Retype, without changes or pictures, only the lines that begin at the one containing "απόκλισης της τιμής" and end at the last line of the records that follow.

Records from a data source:

[Start of Attachment]

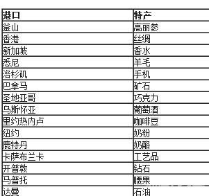 贸易港口和特产:
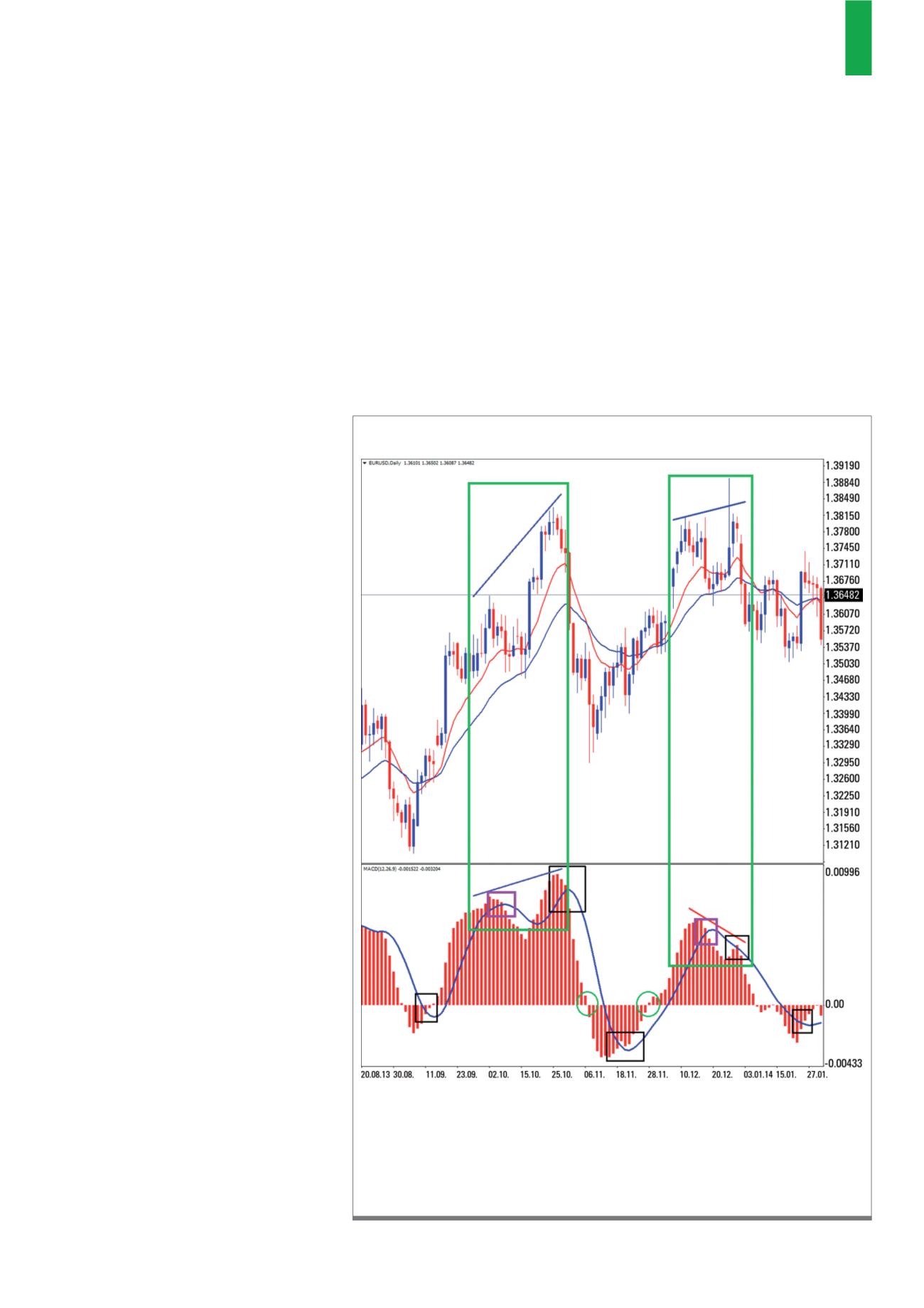 απόκλισης της τιμής του EURUSD και του δείκτη MACD.
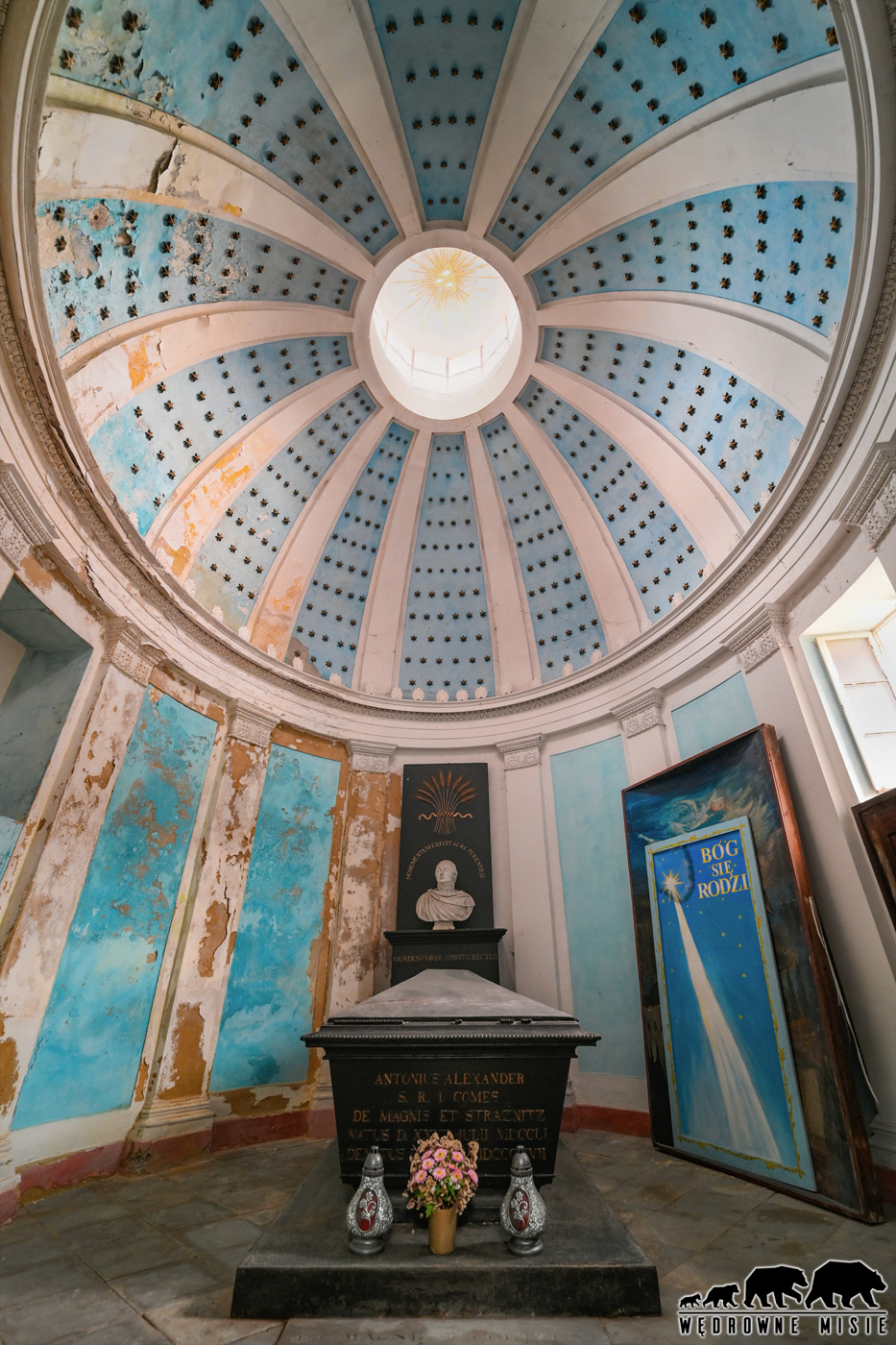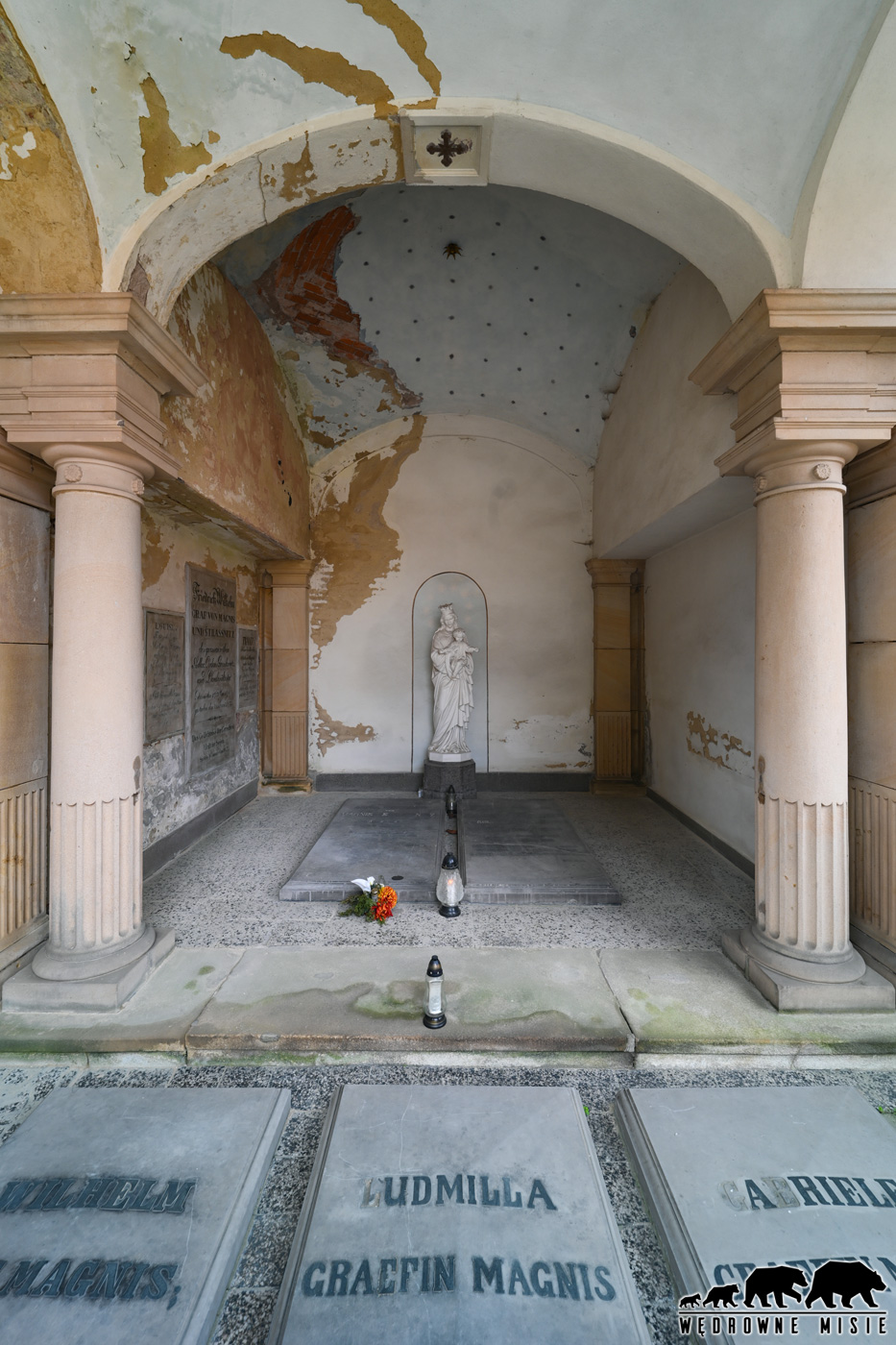 Figury strzegących wejścia aniołów są tak przejmujące, że przekraczając cmentarną furtkę nie sposób od razu nie ulec atmosferze miejsca. Wprost trzeba podziwiać kunszt twórców, ale i uszanować spokój spoczywających tu rodowych przodków. W krypcie znajdują się sarkofagi samego zmarłego w 1944 r. fundatora, jego siostry i siostrzenicy. Po II wojnie światowej rodzina przeniosła się na zachód, a mauzoleum przejęła polska parafia. Wykorzystywano je jako składzik i salę katechetyczną. Jeszcze niedawno mauzoleum dostępne było do zwiedzania, ale obecnie (zima 2025) nie ma takiej możliwości. Trzeba mieć nadzieję, że parafii uda się pozyskać fundusze na renowację tak cennego zabytku i wkrótce będzie można podziwiać jego piękno w pełnej krasie.
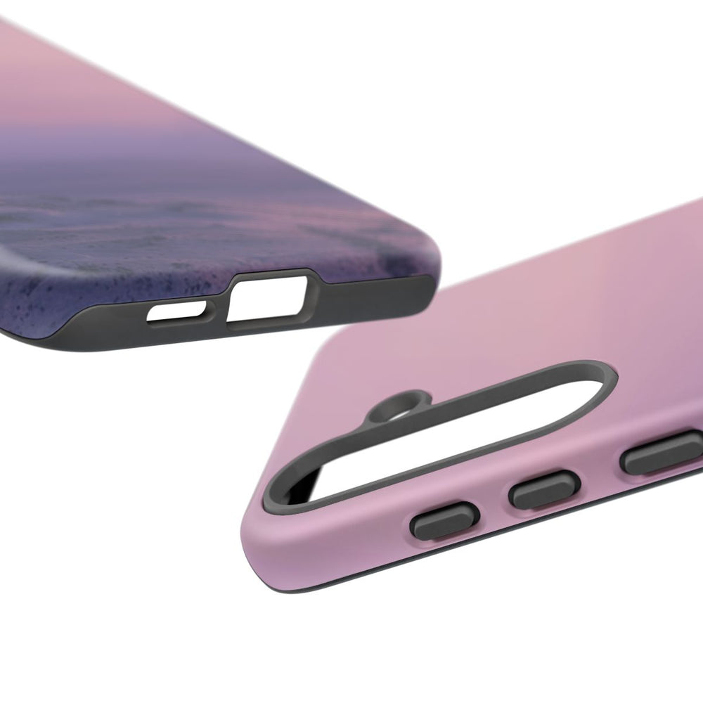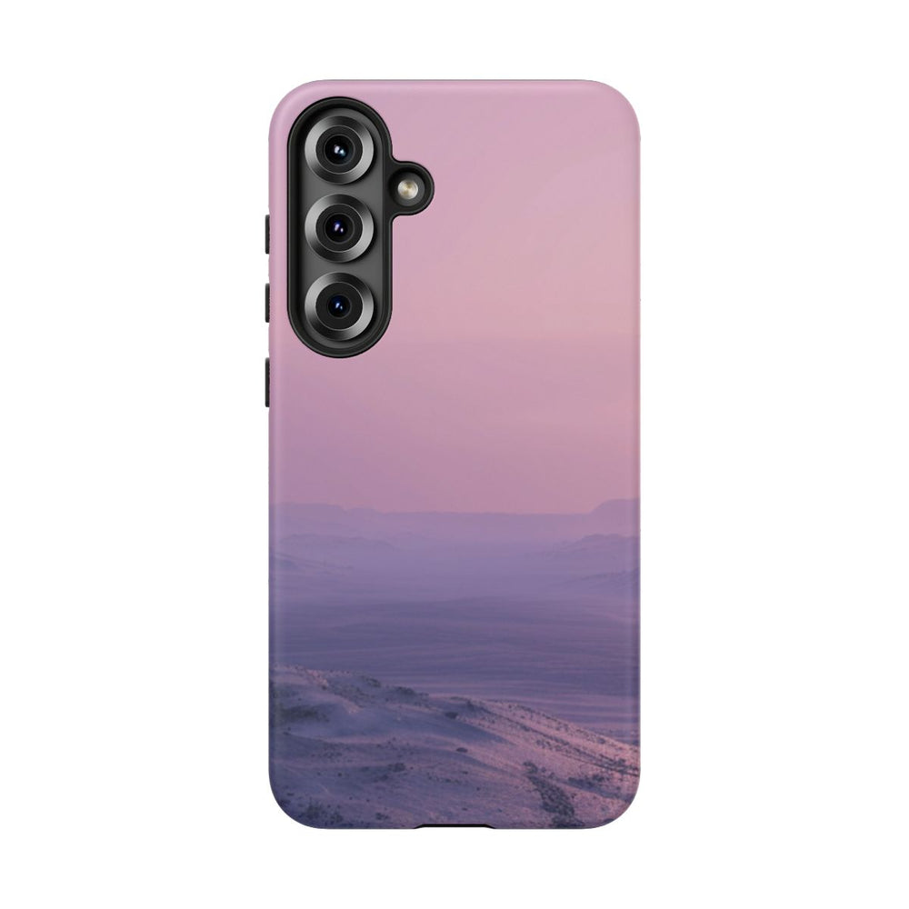 Dit ontwerp toont een uitgestrekt buitenaards landschap onder een zachte violette hemel. Twee heldere zonnen hangen laag aan de horizon en verspreiden een mild licht over glooiende heuvels en verspreide rotsen. De omgeving oogt onaangetast en rustig, met een subtiele overgang in de lucht van licht violet naar zachtroze. De afbeelding is gedrukt op een mat telefoonhoesje met een stevige dubbele laag van polycarbonaat en TPU, wat zorgt voor extra stevigheid en bescherming. Het hoesje ondersteunt draadloos opladen.
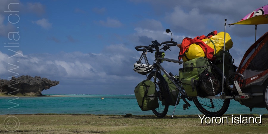 We are going north from island to island. The landscapes are truly amazing. They captivate us. Nature shows its purity. Each one of these islands reveals its face, its panoramas and atmospheres. The colour of the ocean seems to belong to the dream world. The blues are magical, the sand white, the water is so clear. The hills are plunging into the ocean and bright red hibiscus flowers are blooming, symbol of the Okinawa Islands. The spirit of the turtle is with us, Nayla has called them many times and hoped to meet them so much. And magic happened, Nayla could swim with one of them!
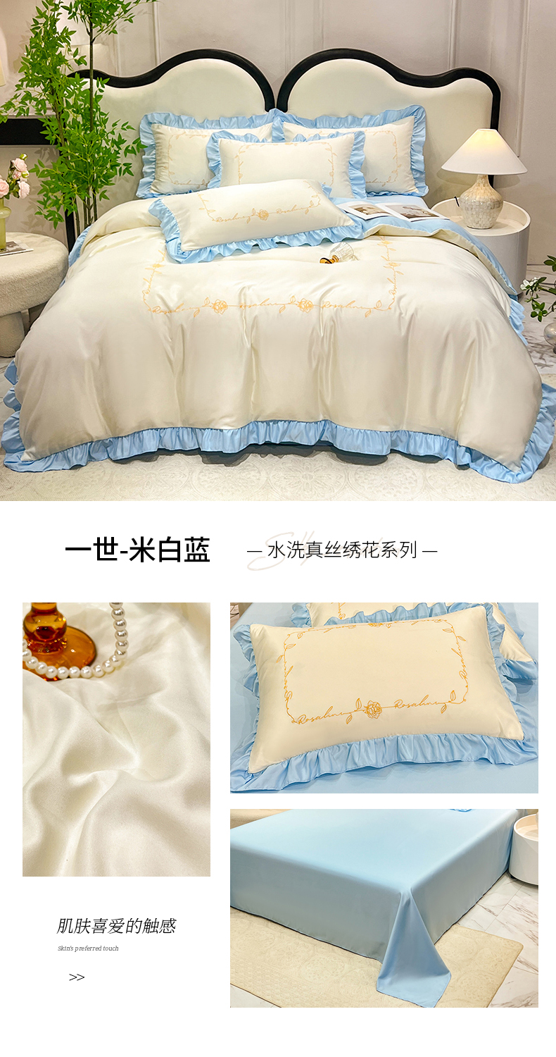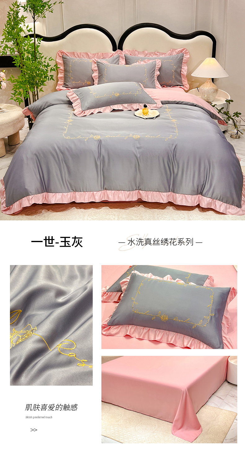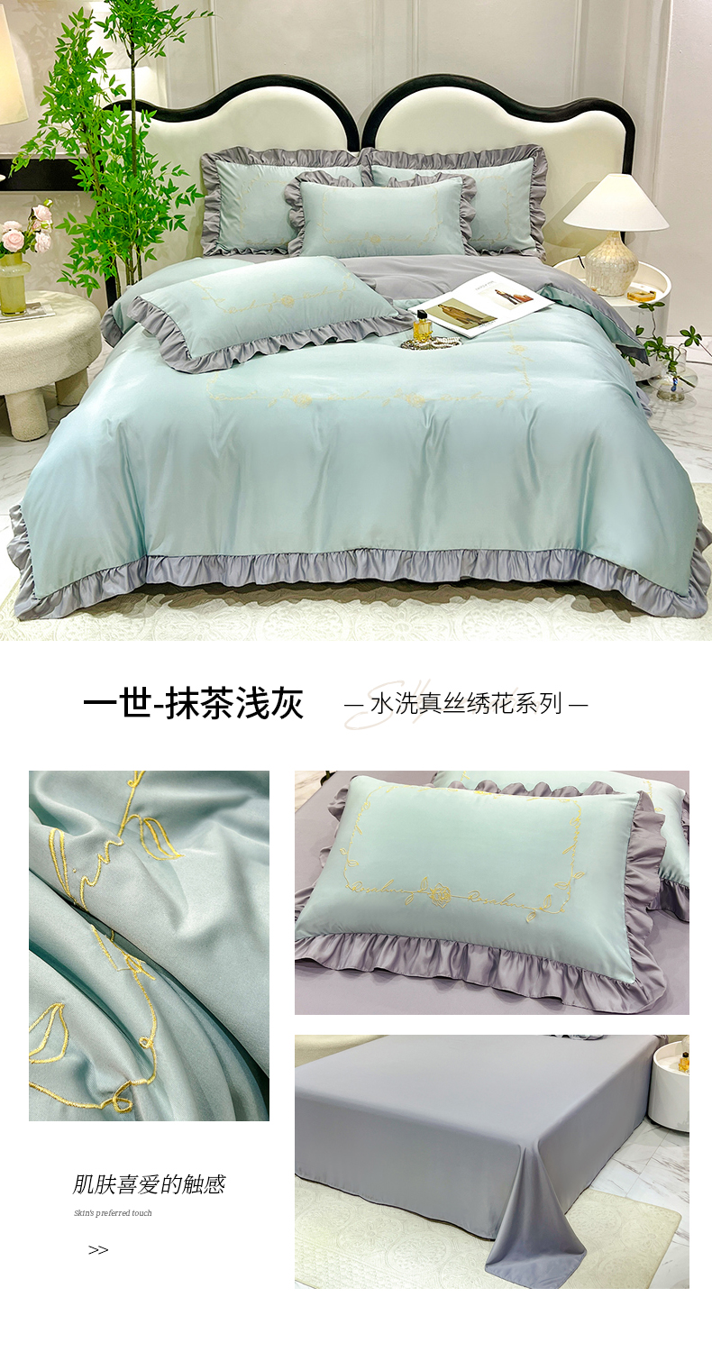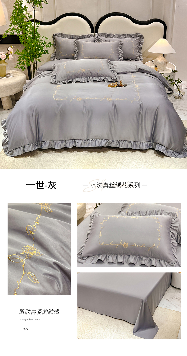 (总)新19 经年2025年水洗真丝冰丝天丝韩版四件套直播爆款 一世系列,一世-抹茶浅灰,一世-灰,一世-玉灰,一世-米白蓝,一世-蓝灰,一世-香槟

[End of Attachment]

OUTPUT FOR THIS TASK
 απόκλισης της τιμής του EURUSD και του δείκτη MACD.
 Figury strzegących wejścia aniołów są tak przejmujące, że przekraczając cmentarną furtkę nie sposób od razu nie ulec atmosferze miejsca. Wprost trzeba podziwiać kunszt twórców, ale i uszanować spokój spoczywających tu rodowych przodków. W krypcie znajdują się sarkofagi samego zmarłego w 1944 r. fundatora, jego siostry i siostrzenicy. Po II wojnie światowej rodzina przeniosła się na zachód, a mauzoleum przejęła polska parafia. Wykorzystywano je jako składzik i salę katechetyczną. Jeszcze niedawno mauzoleum dostępne było do zwiedzania, ale obecnie (zima 2025) nie ma takiej możliwości. Trzeba mieć nadzieję, że parafii uda się pozyskać fundusze na renowację tak cennego zabytku i wkrótce będzie można podziwiać jego piękno w pełnej krasie.
 Dit ontwerp toont een uitgestrekt buitenaards landschap onder een zachte violette hemel. Twee heldere zonnen hangen laag aan de horizon en verspreiden een mild licht over glooiende heuvels en verspreide rotsen. De omgeving oogt onaangetast en rustig, met een subtiele overgang in de lucht van licht violet naar zachtroze. De afbeelding is gedrukt op een mat telefoonhoesje met een stevige dubbele laag van polycarbonaat en TPU, wat zorgt voor extra stevigheid en bescherming. Het hoesje ondersteunt draadloos opladen.
 We are going north from island to island. The landscapes are truly amazing. They captivate us. Nature shows its purity. Each one of these islands reveals its face, its panoramas and atmospheres. The colour of the ocean seems to belong to the dream world. The blues are magical, the sand white, the water is so clear. The hills are plunging into the ocean and bright red hibiscus flowers are blooming, symbol of the Okinawa Islands. The spirit of the turtle is with us, Nayla has called them many times and hoped to meet them so much. And magic happened, Nayla could swim with one of them!
 (总)新19 经年2025年水洗真丝冰丝天丝韩版四件套直播爆款 一世系列,一世-抹茶浅灰,一世-灰,一世-玉灰,一世-米白蓝,一世-蓝灰,一世-香槟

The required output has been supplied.